30 Years of Powering Lives

Recipients, donors, and friends share what Oregon Energy Fund
has meant to them over the last three decades.

Image of a smiling mother and daughter.


“Without heat, you don’t have anything. You can’t cook. The refrigerator doesn’t work. And how was my daughter supposed to do her homework without lights? I appreciate the community looking out for people who need help. That’s a great community.”

Cheryl, OEF recipient


“We don’t ask for much and take great pride in making it on our own. But when we really needed the help, OEF was there to help us.

Rachel, OEF recipient

I saw how resolving one problem can help people stabilize their lives and gain control over other issues. That’s why I’m glad OEF is here to help.”

James, former case manager

Image of a handwritten note that reads: "We really appreciate the work & financial help the Home Energy Assistance Program does for those in need. We remember, well, how we were helped by the program. Keep up the wonderful work you do in trying to keep people warm during the winter. Thanks!"

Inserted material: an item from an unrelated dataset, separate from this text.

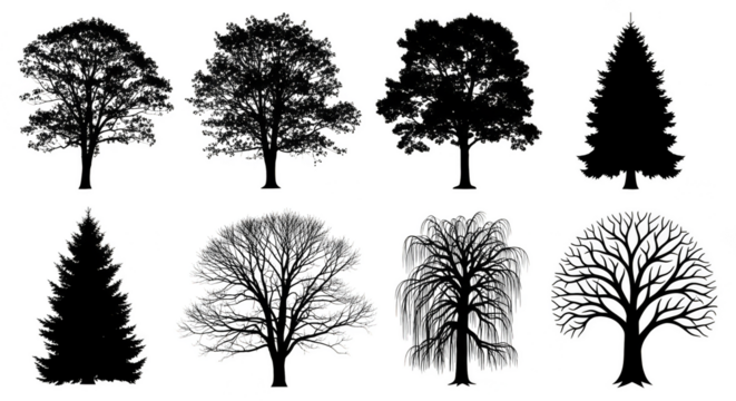 Chromatic tree silhouettes shining in darkness

“The assistance from OEF allowed us to keep our electricity and our gas going, and it enabled us to pay doctor bills.

Diana, OEF recipient

“OEF has opened my eyes and heart to people who can’t count on what I take from granted: I turn up the thermostat and the heat comes on. I hit a switch and the lights come on. I wish I could give more. But I’ll keep giving.

Steven, OEF donor

I’m amazed at the extent of OEF’s aid to communities across Oregon, and your commitment to helping those in need. Thank you for your wonderful work helping communities stay warm and keep the lights on.”

Teresa, OEF donor

“My husband developed a life-threatening medical condition that temporarily put him out of work. The only income we had was his small military pension. Oregon Energy Fund helped cover our bill and find a new job.

OEF recipient

It felt like a Mack Truck being lifted off of me. It was one less thing I had to worry about, knowing that when we got home, we’d be going home to a warm house, and I could cook for my daughter and bathe her, and we could go to sleep without that worry.”

Renauda, OEF recipient

Image of a smiling older woman sitting in an easy chair with a ball of yarn in her lap.


“I am a past recipient, and if I donate another 30 years, I’ll not come close to how important that aid was to me then. (5 children, winter ahead, no hope, very little money.) Thank you for that. I hope I can keep helping you help others. It’s so very important.